Radarwarga.id – Portal Berita Warga dan Informasi Terpopuler – 15 April 2026 | Istilah “Mayor Jenderal” jarang terdengar di publik, namun peran strategis yang diembannya dalam struktur militer menjadi sorotan utama ketika nama-nama tokoh tinggi menorehkan jejak penting di panggung internasional. Dua contoh menonjol, yaitu Jenderal Andika Perkasa dari Tentara Nasional Indonesia (TNI) dan Mayor Jenderal Ali Abdollahi dari Angkatan Bersenjata Iran, mengilustrasikan perjalanan karier yang dimulai dari pangkat mayor hingga mencapai puncak kepemimpinan.

Jenderal Andika Perkasa lahir pada 21 Desember 1964 di Bandung, Jawa Barat. Lulusan Akademi Militer 1987, ia memulai karier sebagai prajurit infanteri di Komando Pasukan Khusus (Kopassus).
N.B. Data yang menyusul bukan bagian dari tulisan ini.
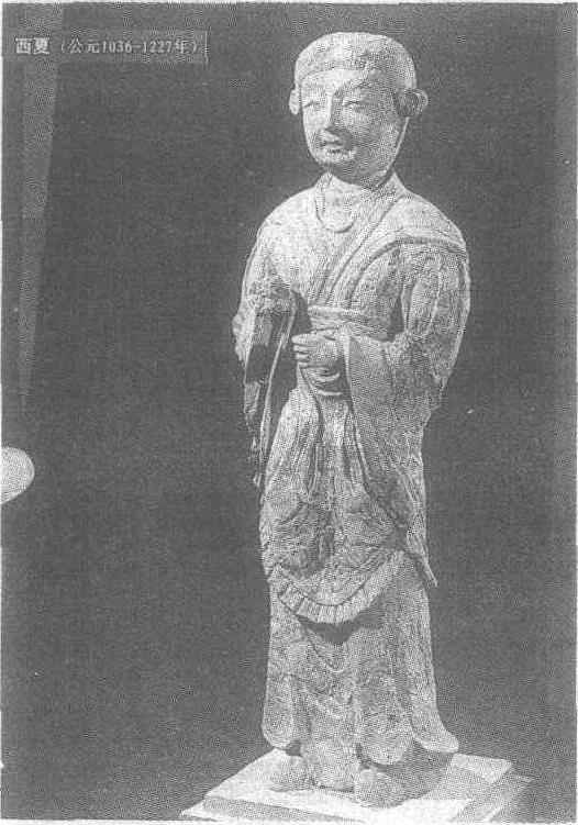 西夏。高67厘米。甘肃省敦煌县莫高窟第491窟西龛南侧。此为释迦佛身旁的一尊供养天女。头顶发平直,两侧梳垂鬟髻。面庞方圆,颧骨外突,细目小唇,笑意挂面,流露出朴实而稚气未脱。身穿袿衣,脚蹬翘头履,身体各部位比例适宜,造像风格具有西夏的典型性。

Selama masa perwira menengah, Andika menempati jabatan mayor, mengemban tugas di luar markas besar TNI Angkatan Darat. Pengalaman tersebut menyiapkan dasar kepemimpinan yang kuat, mempersiapkan ia untuk peran lebih tinggi di masa depan.

Baca juga:

Setelah menapaki pangkat Letnan Kolonel, Andika kembali ke Kopassus sebagai Komandan Batalyon 32/Apta Sandhi Prayuda Utama. Kemudian, ketika telah mencapai pangkat Kolonel, ia menjabat sebagai Komandan Resor Militer 023/Kawal Samudera di Kodam I/Bukit Barisan. Pada 2013, ia dipromosikan menjadi Kepala Dinas Penerangan TNI AD dengan pangkat brigadir jenderal, menandai transisi penting ke level komando strategis.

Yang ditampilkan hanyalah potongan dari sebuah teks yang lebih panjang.